Im Jahr 1983 wurde das Humane Immundefizienz-Virus (HIV) erstmals als Erreger der Immunschwächekrankheit Aids erkannt und beschrieben. Trotz erheblicher Fortschritte in Prävention, Diagnostik und Therapie ist die Epidemie noch längst nicht beendet.
AutorKontaktChristina Hohmann-Jeddi
Datum 30.11.2023  18:00 Uhr

1981 wurde die Immunschwächekrankheit Aids erstmals beschrieben. Zwei Jahre später, also vor 40 Jahren, entdeckten Professor Dr. Luc Montagnier und Professor Dr. Françoise Barré-­Sinoussi vom Institut Pasteur in Paris den verantwortlichen Erreger und veröffentlichten ihre Erkenntnisse im Fachjournal »Science« (DOI: 10.1126/science.6189183). Im Jahr 2008 erhielten die beiden den Nobelpreis für Medizin für ihre Entdeckung, die den Weg zu Diagnostik und Therapie der HIV-Infektion ebnete. Heute sind der Erreger, sein Übertragungsweg und die Vermehrung im Detail aufgeklärt und die Infektion ist therapierbar, aber die Epidemie ist noch lange nicht besiegt.

Bei HIV handelt es sich um ein Retrovirus, das in den Wirtszellen sein RNA-Genom in DNA umschreibt und es dann im Wirtsgenom integriert (siehe Kasten). Das Jubiläum der Erstbeschreibung nimmt das Robert-Koch-Institut (RKI) zum Anlass, einen Überblick über die Aids-Epidemie in Deutschland zu geben. Der Erreger sei bereits Ende der 1970er-Jahre nach Deutschland gelangt, wie im Nachhinein festgestellt wurde.
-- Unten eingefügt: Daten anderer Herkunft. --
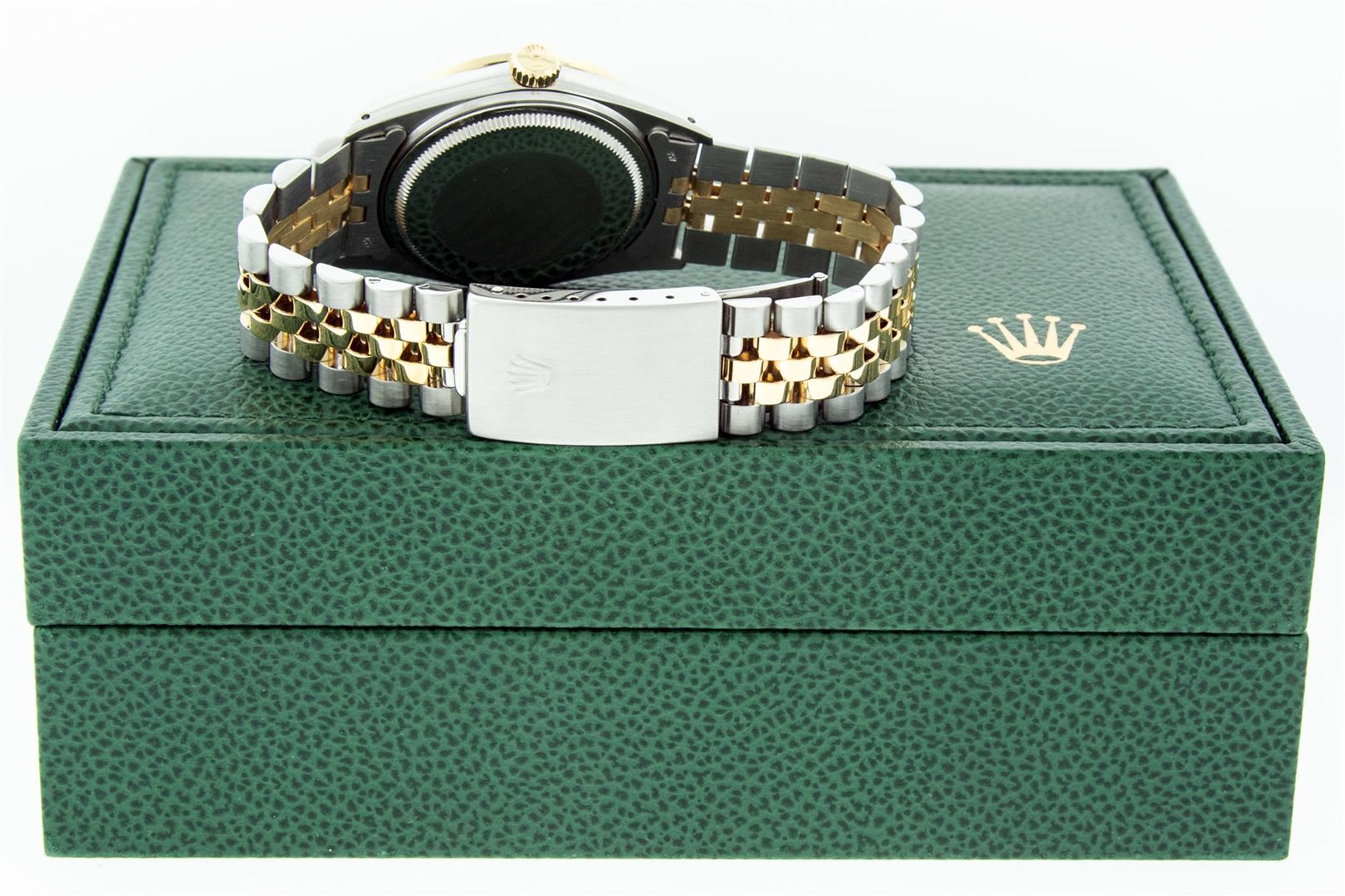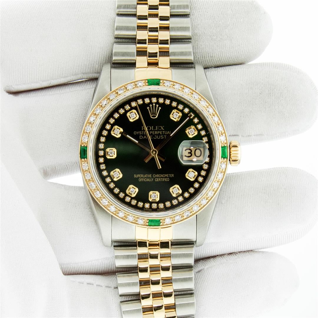 One Men's Yellow Gold Two Tone Rolex Datejust Polished, Serviced & Electronically Tested, Rolex Yellow Gold & Stainless Steel Case: 36mm, Rolex Yellow Gold Crown, Custom Bezel: New 18K Yellow Gold Emerald Beadset Diamond Bezel, Diamond Count: 36 Diamonds + 4 Emeralds, Total Weight 1.00 Carat, Clarity: SI-VS, Color: G to H. Custom Crystal: New Sapphire With Magnified Date Window. Custom Hands: New Luminescent Hands. Rolex Movement: Automatic Winding Movement. Custom Dial: Refinished To Green With Added Diamonds, Diamond Count: 58 Diamonds in Dial, G To H In Color, SI-VS Clarity. Date Window: 3 O'clock Position Date Display, Quickset, Model: Datejust. Condition: G-6 Extra Fine. Rolex Bracelet: Two Tone Yellow Gold & Stainless Steel Jubilee Band. Bright Polish. 7.0 Inch Length, Adjustable. Standard Clasp, With Rolex Logo. This Watch Has Been Serviced Time Tested And Is In Excellent Condition It Is Free Of All Scratches And Dents. This Pre Owned Watch Comes With A Rolex Box.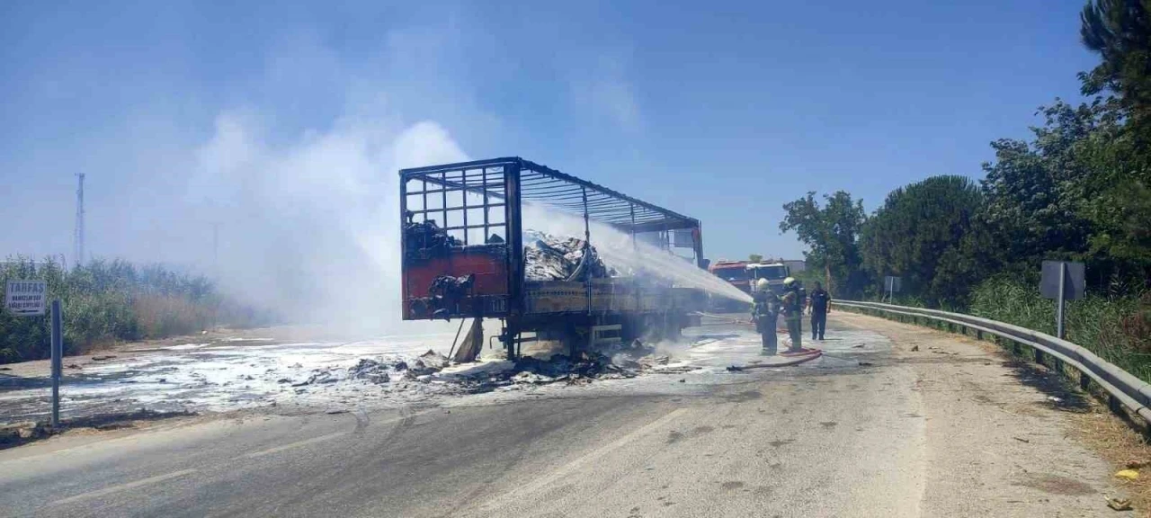 Edinilen bilgiye göre, Mustafa G. (66) idaresindekiAEK 876plakalı çekici ve26 ABR 337plakalı karton yüklü dorsesinden dumanlar yükselmeye başladı. Yoldaki diğer sürücülerin de uyarısıyla Mustafa G., tırı yolun kenarına çekti. Biranda alev topuna dönen dorse tamamen kül olurken, Karacabey Belediyesi İtfaiye ekipleri müdahale etti.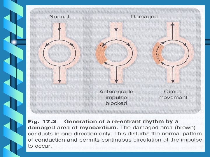 2 - Disturbances in impulse conduction • • May result from block ( nodal block or bundle branch block. Reentry : circus movement In which one impulse reenters and excites areas of the heart more than ones. Some forms of reentry are anatomical in shape as in Wolff. Parkinson –White syndrome.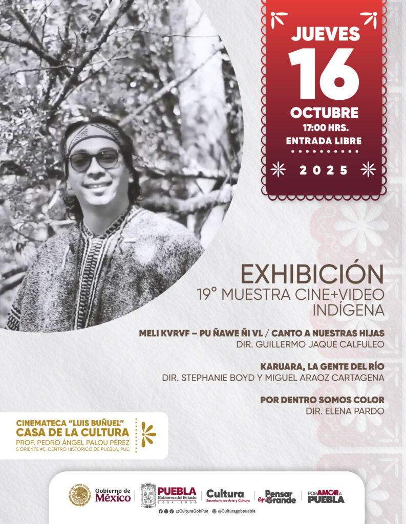 El Gobierno del Estado de Puebla, a través de la Secretaría de Arte y Cultura, inició las proyecciones de la 19ª Muestra de Cine + Video Indígena, que se desarrollarán del 15 al 18 de octubre en la Cinemateca “Luis Buñuel”. Este ciclo promueve la difusión de las culturas originarias y su representación audiovisual a través de historias contadas desde las propias comunidades, en las que la cinematografía se convierte en un puente entre la memoria, la identidad y el diálogo intercultural.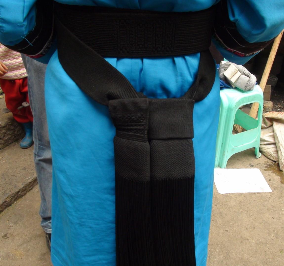 The remote mountain area of Guizhou in southwest China is ethnically diverse, and interesting textile traditions survive among the groups. Perhaps the best known are the multicoloured costumes of the Miao people that are skilfully decorated with embroidery and braids (Smith, 2007). Another ethnic group are the "Lao Han" (the ancient Han Chinese) who consider themselves unique from the rest of the majority Han population of China as a whole. They have lived in the Guizhou region since at least the 14th century CE when they were sent there as soldiers on military campaigns. Many stayed and took minority women as wives and formed separate communities. They are also known as the Chuanlan (Blue Dressed people) and are among the many ethnic groups in Guizhou province not officially recognised (Wikipedia, 2020; Joshua Project, 2020). Traditional costume has survived in the isolated Lao Han villages, especially amongst the women. Part of their costume includes a very long handwoven belt that incorporates two different weaving techniques on the same warp and is finished with a complex knotted tassel at each end. The belt begins and ends with a tube that is woven in a tabby weave, whereas the middle section has one or two textured areas that are achieved by using hexagonal weaving tablets in an unusual way.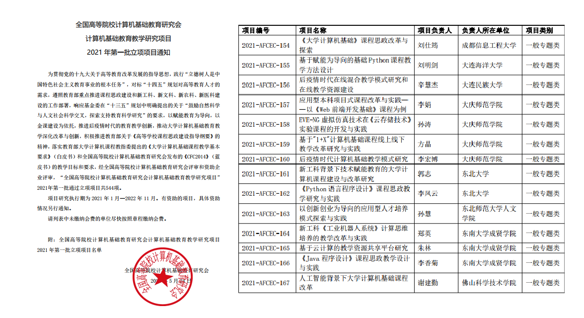 近日,全国高等院校计算机基础教育研究会公布了2021年计算机基础教育教学研究项目评审结果,我院数据科学与大数据技术专业教师刘明剑申报的课题“基于赋能为导向的基础 Python 课程教学方法设计”获批一般专题类课题,课题编号2021-AFCEC-155。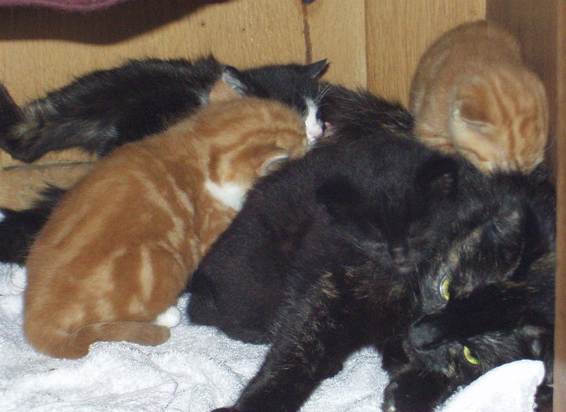 Today I have the little story about the beginning. Back then in April 2003 a little cat called Daphne, or short Daffi, gave birth to four little critters.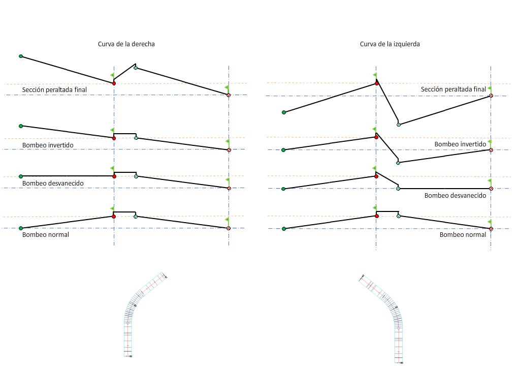 Para obtener más información sobre los diagramas de peralte, consulte Acerca de los métodos de giro del eje de rotación de peralte.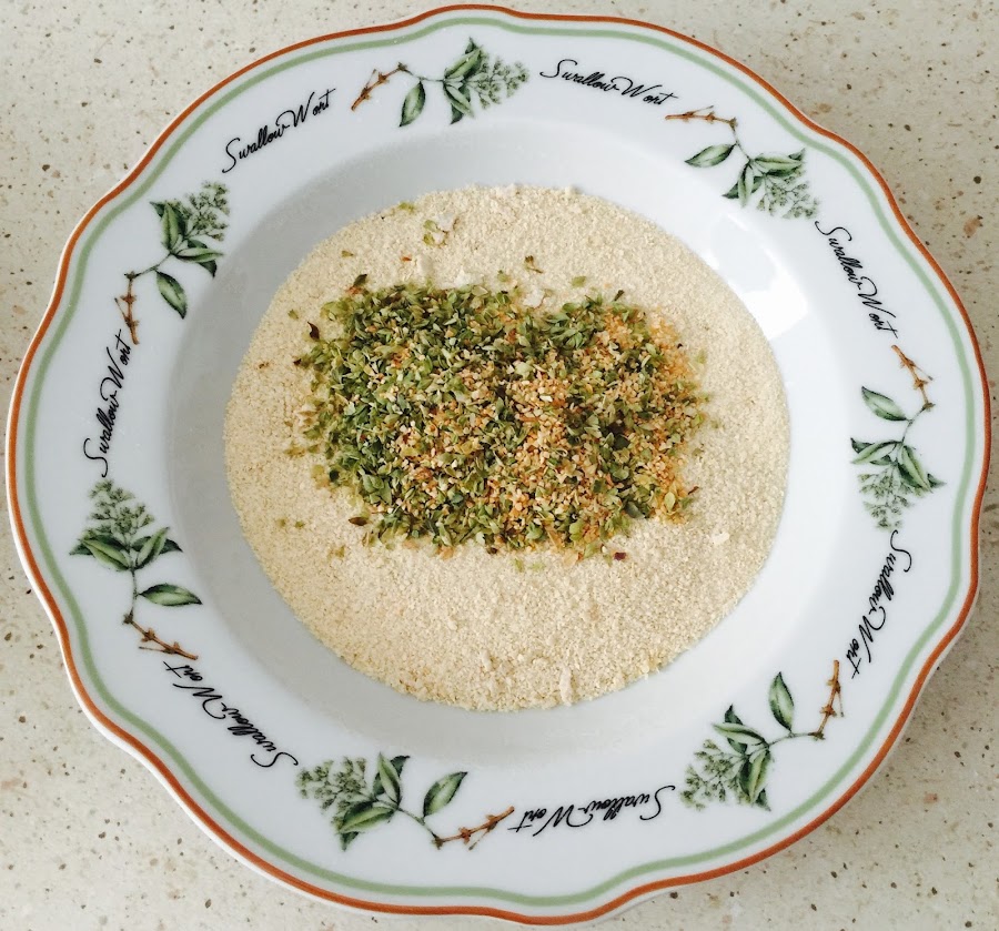 Lo primero que hay que hacer poner todas las especias dentro del pan rallado.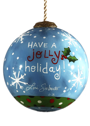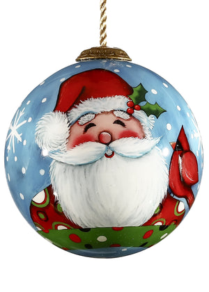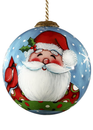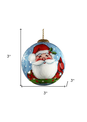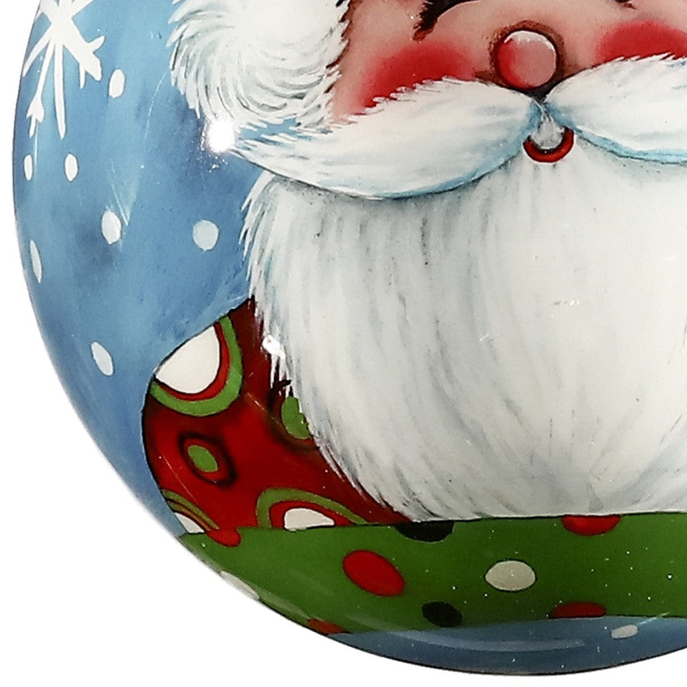 Jolly Holiday Santa Hand Painted Blue White And Red Glass Ball Ornament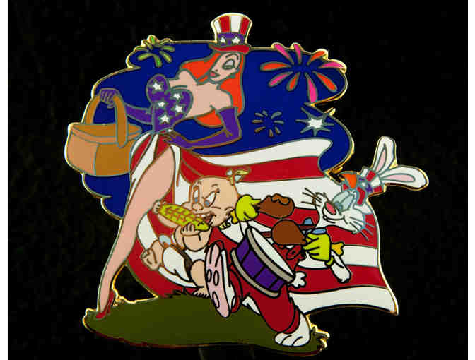 DA description reads: Roger and Jessica Rabbit join with Baby Herman in an updated homage to the Spirit of '76 on this striking gold-finished character pin, a Disney Auctions exclusive in a limited edition of 100 oversize pins and one in a series featuring our favorite characters at an Independence Day barbecue.

Stärker ausbreiten konnte sich das Virus dann Anfang der 1980er-Jahre, berichtet das RKI im »Epidemiologischen Bulletin« (47/2023).

HIV breitet sich aus

Häufig seien Hämophiliepatienten betroffen gewesen, weil diese meist mit Gerinnungsfaktorkonzentraten aus Blutspenden behandelt worden seien, die aus den USA stammten und nicht mit virusinaktivierenden Methoden behandelt worden seien. »Als es Mitte der 1980er-Jahre erstmals möglich wurde, auf das Vorhandensein einer HIV-Infektion zu testen, war die Mehrheit der westdeutschen Hämophiliepatienten bereits mit HIV infiziert«, so das RKI. Zudem breitete sich der Aids-Erreger unter Männern, die Sex mit Männern haben (MSM), und unter Drogenkonsumenten vor allem in Großstädten aus. Der Gipfel dieser ersten Infektionswelle in Deutschland wurde 1985 mit mehr als 5000 Neuinfektionen erreicht.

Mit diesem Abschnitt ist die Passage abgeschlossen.